===== Material supplied

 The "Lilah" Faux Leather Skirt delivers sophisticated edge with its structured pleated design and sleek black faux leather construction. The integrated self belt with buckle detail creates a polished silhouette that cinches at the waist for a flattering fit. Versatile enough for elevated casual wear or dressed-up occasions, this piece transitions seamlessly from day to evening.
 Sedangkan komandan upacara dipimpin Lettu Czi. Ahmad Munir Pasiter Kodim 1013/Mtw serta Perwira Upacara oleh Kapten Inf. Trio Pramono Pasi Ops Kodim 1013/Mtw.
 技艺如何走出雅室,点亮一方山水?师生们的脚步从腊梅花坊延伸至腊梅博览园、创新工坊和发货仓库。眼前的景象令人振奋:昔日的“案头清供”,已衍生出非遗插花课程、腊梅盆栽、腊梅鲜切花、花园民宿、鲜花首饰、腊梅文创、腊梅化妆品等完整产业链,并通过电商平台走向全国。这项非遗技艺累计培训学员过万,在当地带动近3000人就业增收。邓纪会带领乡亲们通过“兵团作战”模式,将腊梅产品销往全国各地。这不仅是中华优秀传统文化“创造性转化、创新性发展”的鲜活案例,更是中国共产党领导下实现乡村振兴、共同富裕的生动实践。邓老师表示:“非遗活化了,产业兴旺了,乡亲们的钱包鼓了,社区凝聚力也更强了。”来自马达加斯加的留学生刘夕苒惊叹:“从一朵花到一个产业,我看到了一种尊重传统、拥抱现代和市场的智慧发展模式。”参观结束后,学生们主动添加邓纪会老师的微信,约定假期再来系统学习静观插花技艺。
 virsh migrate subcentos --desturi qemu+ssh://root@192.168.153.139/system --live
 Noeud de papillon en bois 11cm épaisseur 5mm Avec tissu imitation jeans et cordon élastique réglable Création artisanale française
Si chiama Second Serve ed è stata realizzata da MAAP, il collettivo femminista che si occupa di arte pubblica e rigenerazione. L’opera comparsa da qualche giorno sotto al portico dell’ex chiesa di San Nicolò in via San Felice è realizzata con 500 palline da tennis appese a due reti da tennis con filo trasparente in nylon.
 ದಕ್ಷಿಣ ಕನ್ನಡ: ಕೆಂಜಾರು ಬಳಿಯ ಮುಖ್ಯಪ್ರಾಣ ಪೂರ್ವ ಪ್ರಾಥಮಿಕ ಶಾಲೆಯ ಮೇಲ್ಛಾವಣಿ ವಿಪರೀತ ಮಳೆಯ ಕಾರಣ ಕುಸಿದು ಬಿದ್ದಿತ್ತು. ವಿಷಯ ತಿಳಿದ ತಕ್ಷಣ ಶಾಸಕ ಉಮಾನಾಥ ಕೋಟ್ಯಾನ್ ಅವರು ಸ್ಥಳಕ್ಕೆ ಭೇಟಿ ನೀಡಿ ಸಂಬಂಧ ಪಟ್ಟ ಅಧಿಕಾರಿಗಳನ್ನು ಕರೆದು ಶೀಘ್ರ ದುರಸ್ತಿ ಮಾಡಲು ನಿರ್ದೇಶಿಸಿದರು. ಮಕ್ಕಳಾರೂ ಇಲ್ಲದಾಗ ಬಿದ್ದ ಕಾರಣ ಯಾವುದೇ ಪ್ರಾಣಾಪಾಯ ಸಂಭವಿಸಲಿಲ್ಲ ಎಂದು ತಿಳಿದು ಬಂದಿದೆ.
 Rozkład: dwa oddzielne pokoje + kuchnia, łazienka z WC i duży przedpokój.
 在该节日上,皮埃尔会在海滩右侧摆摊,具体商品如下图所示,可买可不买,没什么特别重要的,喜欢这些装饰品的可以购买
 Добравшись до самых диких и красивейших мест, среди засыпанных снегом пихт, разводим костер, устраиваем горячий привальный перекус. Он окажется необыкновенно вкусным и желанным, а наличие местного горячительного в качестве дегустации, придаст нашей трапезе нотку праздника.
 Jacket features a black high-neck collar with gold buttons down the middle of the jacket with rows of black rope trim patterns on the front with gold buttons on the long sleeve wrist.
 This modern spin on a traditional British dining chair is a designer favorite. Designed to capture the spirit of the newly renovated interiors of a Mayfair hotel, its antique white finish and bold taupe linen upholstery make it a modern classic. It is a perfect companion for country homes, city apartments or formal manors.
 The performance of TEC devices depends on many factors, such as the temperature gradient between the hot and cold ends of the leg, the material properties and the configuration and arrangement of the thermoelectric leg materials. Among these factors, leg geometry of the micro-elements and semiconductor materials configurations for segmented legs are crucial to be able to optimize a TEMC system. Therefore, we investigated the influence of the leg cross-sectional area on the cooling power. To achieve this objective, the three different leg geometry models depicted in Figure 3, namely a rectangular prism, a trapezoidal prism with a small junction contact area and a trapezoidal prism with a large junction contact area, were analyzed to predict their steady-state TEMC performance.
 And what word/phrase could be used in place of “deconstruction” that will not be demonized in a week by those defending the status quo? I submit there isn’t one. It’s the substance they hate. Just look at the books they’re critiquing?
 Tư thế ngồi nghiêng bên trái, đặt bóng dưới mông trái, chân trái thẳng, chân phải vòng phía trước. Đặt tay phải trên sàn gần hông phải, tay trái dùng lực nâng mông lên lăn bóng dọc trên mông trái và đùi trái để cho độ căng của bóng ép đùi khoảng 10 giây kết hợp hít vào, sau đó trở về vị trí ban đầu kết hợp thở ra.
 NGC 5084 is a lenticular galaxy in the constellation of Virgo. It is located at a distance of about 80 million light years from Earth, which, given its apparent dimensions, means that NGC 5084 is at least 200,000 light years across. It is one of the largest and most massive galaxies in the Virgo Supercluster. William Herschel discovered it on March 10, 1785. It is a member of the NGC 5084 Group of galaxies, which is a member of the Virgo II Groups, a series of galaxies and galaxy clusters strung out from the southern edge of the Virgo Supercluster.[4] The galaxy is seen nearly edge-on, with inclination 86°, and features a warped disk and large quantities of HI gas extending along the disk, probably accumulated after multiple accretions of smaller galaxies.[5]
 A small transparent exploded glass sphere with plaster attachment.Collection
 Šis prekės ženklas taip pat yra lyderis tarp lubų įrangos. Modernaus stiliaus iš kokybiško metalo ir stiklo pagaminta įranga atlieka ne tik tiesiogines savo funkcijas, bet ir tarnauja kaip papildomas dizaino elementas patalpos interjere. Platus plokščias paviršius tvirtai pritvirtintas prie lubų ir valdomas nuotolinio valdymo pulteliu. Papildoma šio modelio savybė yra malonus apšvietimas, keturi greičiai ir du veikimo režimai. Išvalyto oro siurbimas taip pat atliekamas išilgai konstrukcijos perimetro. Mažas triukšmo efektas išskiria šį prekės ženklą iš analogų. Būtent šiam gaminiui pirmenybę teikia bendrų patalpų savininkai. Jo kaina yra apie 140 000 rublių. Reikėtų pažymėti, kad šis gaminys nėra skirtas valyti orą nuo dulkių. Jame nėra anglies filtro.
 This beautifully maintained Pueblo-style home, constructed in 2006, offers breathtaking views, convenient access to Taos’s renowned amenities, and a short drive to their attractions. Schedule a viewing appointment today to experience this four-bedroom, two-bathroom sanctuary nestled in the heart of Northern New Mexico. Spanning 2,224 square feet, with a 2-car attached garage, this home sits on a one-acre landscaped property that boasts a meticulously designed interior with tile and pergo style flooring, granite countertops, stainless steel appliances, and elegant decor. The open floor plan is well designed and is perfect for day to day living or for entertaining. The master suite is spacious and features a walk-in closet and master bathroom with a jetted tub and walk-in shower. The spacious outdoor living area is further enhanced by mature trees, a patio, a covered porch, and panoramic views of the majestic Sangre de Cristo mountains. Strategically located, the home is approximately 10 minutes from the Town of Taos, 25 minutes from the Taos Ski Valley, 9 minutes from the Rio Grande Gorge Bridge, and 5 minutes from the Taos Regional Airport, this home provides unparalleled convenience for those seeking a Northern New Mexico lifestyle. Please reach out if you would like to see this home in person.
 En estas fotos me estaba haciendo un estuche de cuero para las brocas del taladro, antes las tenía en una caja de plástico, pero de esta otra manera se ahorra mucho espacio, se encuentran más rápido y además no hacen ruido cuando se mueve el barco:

==========

> Task item
Could you repeat exactly the lines in the listing above from the one with "Rozkład: dwa oddzielne" down to the one with "And what word/phrase"? Include both of those lines.

> Exercise result
 Rozkład: dwa oddzielne pokoje + kuchnia, łazienka z WC i duży przedpokój.
 在该节日上,皮埃尔会在海滩右侧摆摊,具体商品如下图所示,可买可不买,没什么特别重要的,喜欢这些装饰品的可以购买
 Добравшись до самых диких и красивейших мест, среди засыпанных снегом пихт, разводим костер, устраиваем горячий привальный перекус. Он окажется необыкновенно вкусным и желанным, а наличие местного горячительного в качестве дегустации, придаст нашей трапезе нотку праздника.
 Jacket features a black high-neck collar with gold buttons down the middle of the jacket with rows of black rope trim patterns on the front with gold buttons on the long sleeve wrist.
 This modern spin on a traditional British dining chair is a designer favorite. Designed to capture the spirit of the newly renovated interiors of a Mayfair hotel, its antique white finish and bold taupe linen upholstery make it a modern classic. It is a perfect companion for country homes, city apartments or formal manors.
 The performance of TEC devices depends on many factors, such as the temperature gradient between the hot and cold ends of the leg, the material properties and the configuration and arrangement of the thermoelectric leg materials. Among these factors, leg geometry of the micro-elements and semiconductor materials configurations for segmented legs are crucial to be able to optimize a TEMC system. Therefore, we investigated the influence of the leg cross-sectional area on the cooling power. To achieve this objective, the three different leg geometry models depicted in Figure 3, namely a rectangular prism, a trapezoidal prism with a small junction contact area and a trapezoidal prism with a large junction contact area, were analyzed to predict their steady-state TEMC performance.
 And what word/phrase could be used in place of “deconstruction” that will not be demonized in a week by those defending the status quo? I submit there isn’t one. It’s the substance they hate. Just look at the books they’re critiquing?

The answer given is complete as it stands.